Lacosamide: What Can Be Expected from the Next New Antiepileptic Drug?
Author(s) -
AbouKhalil Bassel W.
Publication year - 2009
Publication title -
epilepsy currents
Language(s) - English
Resource type - Journals
SCImago Journal Rank - 0.415
H-Index - 22
eISSN - 1535-7511
pISSN - 1535-7597
DOI - 10.1111/j.1535-7511.2009.01317.x
Subject(s) - lacosamide , medicine , placebo , concomitant , randomized controlled trial , population , anesthesia , antiepileptic drug , epilepsy , psychiatry , alternative medicine , environmental health , pathology
PURPOSE: To evaluate the efficacy and safety of lacosamide (200 and 400 mg/day) when added to one to three concomitant antiepileptic drugs (AEDs) in patients with uncontrolled partial‐onset seizures. METHODS: This multicenter, double‐blind, placebo‐controlled trial randomized patients (age 16–70 years) with partial‐onset seizures with or without secondary generalization to placebo, lacosamide 200, or lacosamide 400 mg/day.
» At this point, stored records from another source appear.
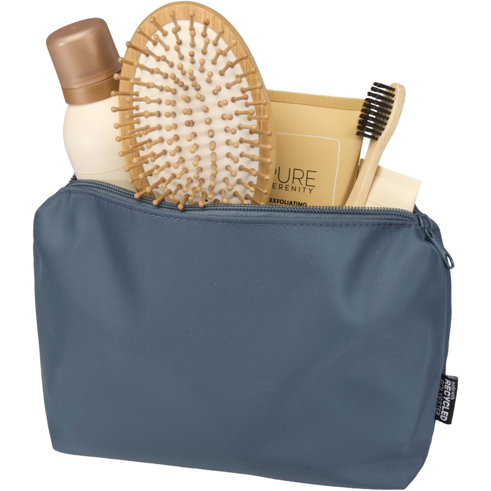 A Trip Aware® újrahasznosított utazó piperetáska kompakt és egyszerű megoldás a mindennapi alapvető holmik szállítására. Tartós 290D twill poliészterből készült, kötött hátoldallal és RPET 210D/PU béléssel, letisztult, minimalista kialakítással. Fő rekesze elegendő helyet biztosít piperecikkeknek vagy kisebb tárgyaknak, így ideális rövid utakhoz vagy útközbeni rendszerezéshez. Minden táska Aware® nyomkövetővel érkezik, amely QR-kód segítségével lehetővé teszi a termék eredetének és útjának nyomonkövetését, növelve az ellátási lánc átláthatóságát és a kapcsolatot a termék gyártási folyamatával. Űrtartalom: 2 liter.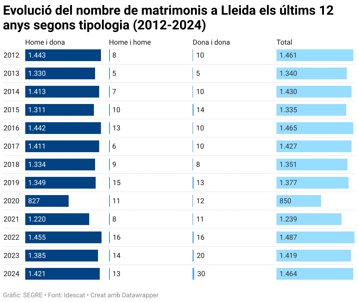 Evolució del nombre de matrimonis a Lleida els últims 12 anys segons tipologia (2012-2024)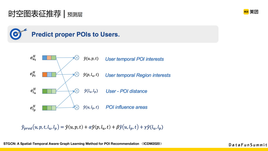 首先是在t这个时刻,用户对POI的兴趣。然后是在这一时刻,用户对区域的兴趣。还有在这个时刻下用户与POI所在区域的距离,以及这些区域对POI的从属。我们还会有一个加权的系数。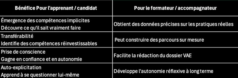 Pour le formateur, c'est un outil de débriefing et d'analyse de pratiques d'une richesse incomparable. Pour l'accompagnateur VAE, c'est le levier qui transforme une expérience vécue en dossier de compétences solide. Pour le facilitateur, c'est une façon de créer un espace de parole authentique, ancré dans le réel plutôt que dans les représentations.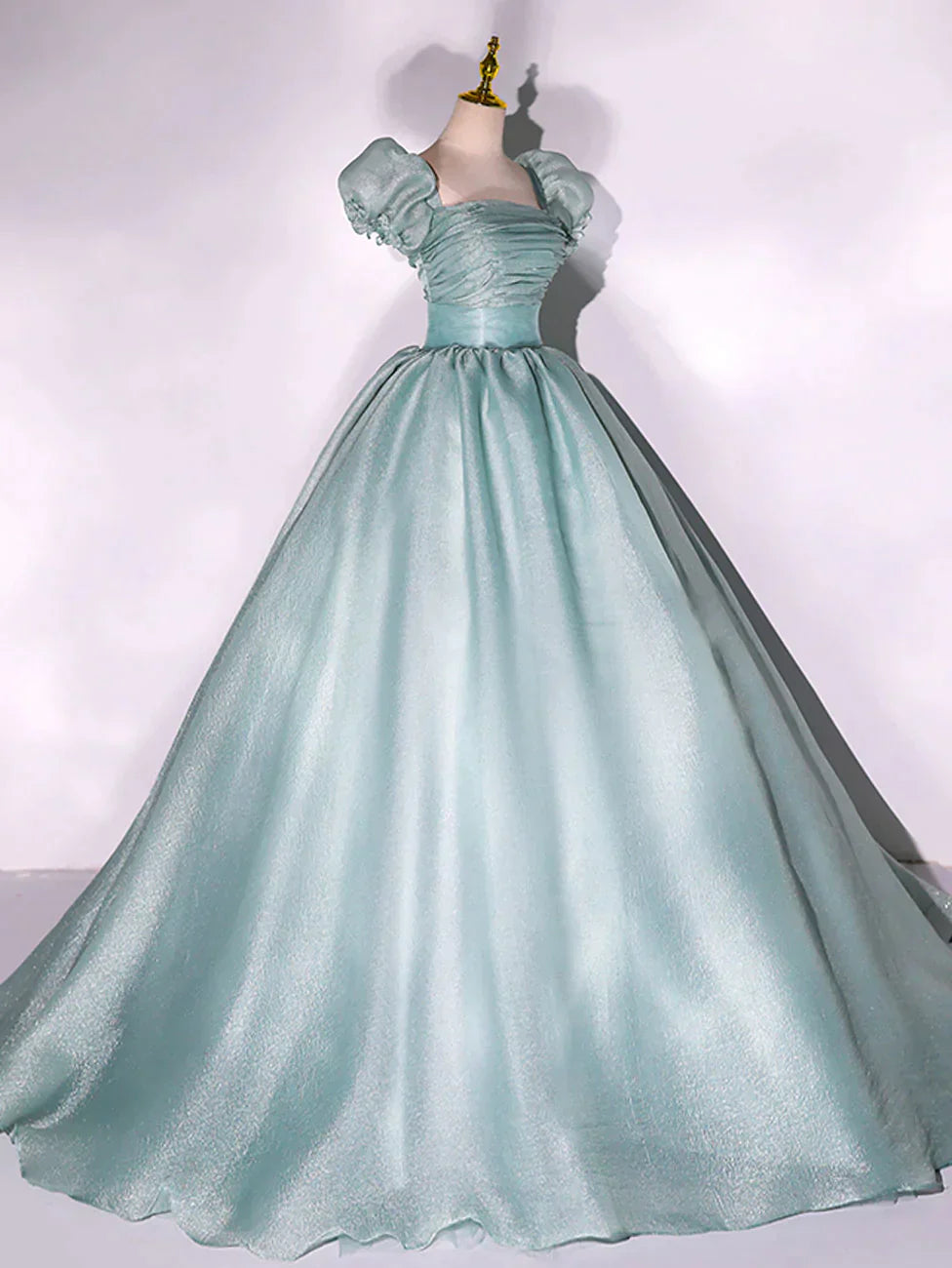 Light Green Short Sleeves Long Sweet 16 Dress, Green Scoop Prom Dress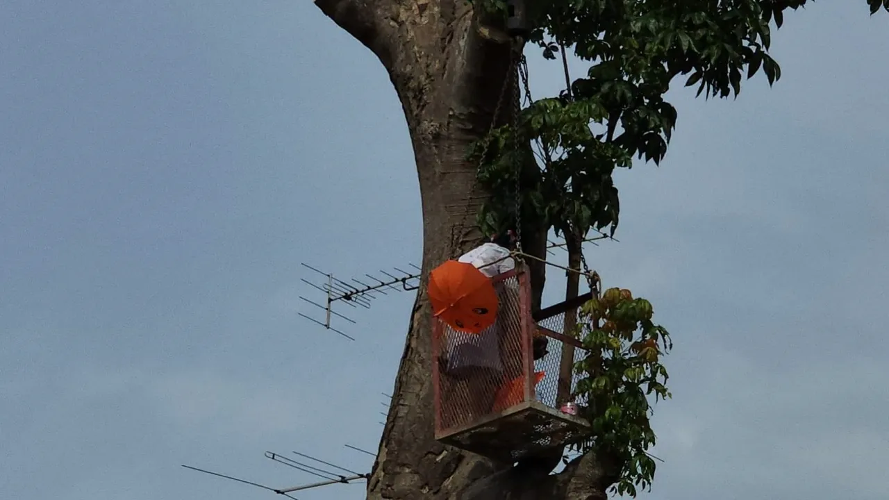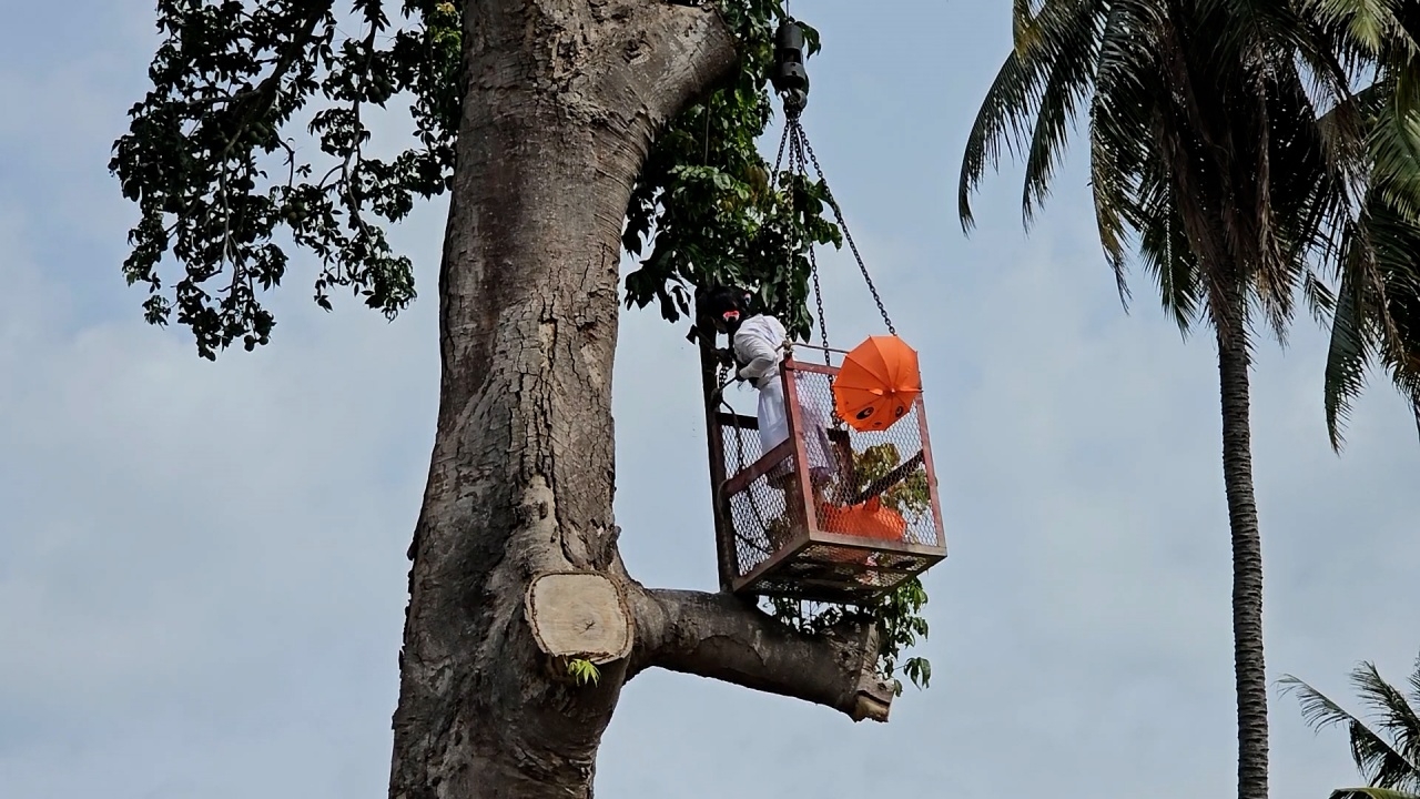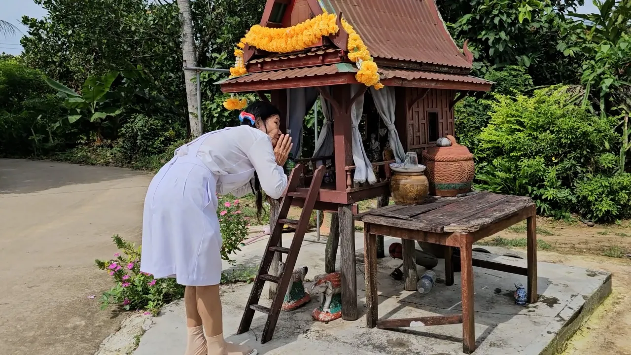 พบนางบุญชู จงปัญญาประพันธ์ ซึ่งเป็นร่างทรงของพ่อปู่แจงใหญ่ จัดของเซ่นไหว้ทำพิธีขอขมาศาลพ่อปู่ยางใหญ่ ที่ชาวบ้านเคารพนับถือ เพื่อทำการตัดต้นสำโรงที่มีขนาดใหญ่ เนื่องจากรากแก้วของต้นสำโรงไม่ได้ยึดเหนี่ยวลงดิน เกรงว่าจะโค่นลงมาทับบ้านเรือนประชาชน หลังจากร่างทรงพ่อปู่แจงใหญ่ทำพิธีขอขมาศาลพ่อปู่ยางใหญ่เสร็จแล้ว ได้ขึ้นกระเช้ารถเครน และตัดกิ่งไม้เพื่อเป็นการเบิกฤกษ์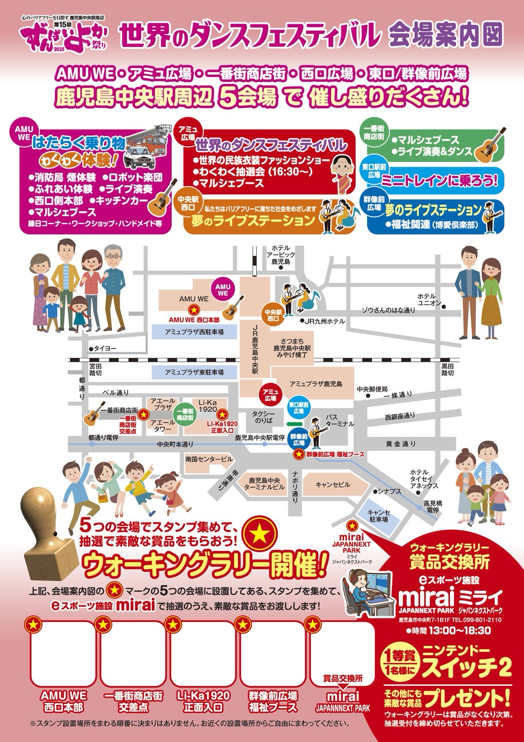 今年も鹿児島中央駅周辺で、盛りだくさんのイベントを開催します❗️みんな集まれ〜❗️ ◾️アミュ広場 : 世界のダンスフェスティバル💃マルシェ ◾️一番街商店街 : 音楽ライブ🎸マルシェ ◾️ライカ1920前 : マルシェ ◾️東口駅前広場 : ミニトレイン🚅福祉ブース 音楽ライブ🎵 ◾️西口広場 : 乗り物体験🚑音楽ライブ🎹キッチンカー ◾️mirai : eスポーツ体験 ❤️和牛が当たる「わくわくアプリ」でのスタンプラリー抽選会 ❤️会場内のウォーキングラリー抽選会では、なんとNintendoスイッチ2もあたっちゃうチャンス❗️

The trial consisted of an 8‐week baseline, a 4‐week titration, and a 12‐week maintenance period. RESULTS: Four hundred eighty‐five patients were randomized and received trial medication. Among these, 87% were taking two or more concomitant AEDs. Median percent reduction in seizure frequency per 28 days from baseline to maintenance period (intent‐to‐treat, ITT) was 20.5% for placebo, 35.3% for lacosamide 200 mg/day ( p = 0.02), and 36.4% for 400 mg/day ( p = 0.03). In the per protocol population, the reductions were 35.3% for lacosamide 200 mg/day ( p = 0.04) and 44.9% for 400 mg/day ( p = 0.01) compared to placebo (25.4%). The 50% responder rate for lacosamide 400 mg/day (40.5%) was significant ( p = 0.01) over placebo (25.8%), but was not for 200 mg/day (35.0%). In the per protocol population, the 50% responder rate for lacosamide 400 mg/day (46.3%) was significant ( p < 0.01) compared with the placebo responder rate (27.5%). Dose‐related adverse events (AEs) included dizziness, nausea, and vomiting. Clinically relevant changes in the mean plasma concentrations of commonly used AEDs were not observed. DISCUSSION: Results of this trial demonstrated the efficacy and tolerability of adjunctive lacosamide 200 and 400 mg/day and support that lacosamide may be an advantageous option for the treatment of partial‐onset seizures in patients with epilepsy.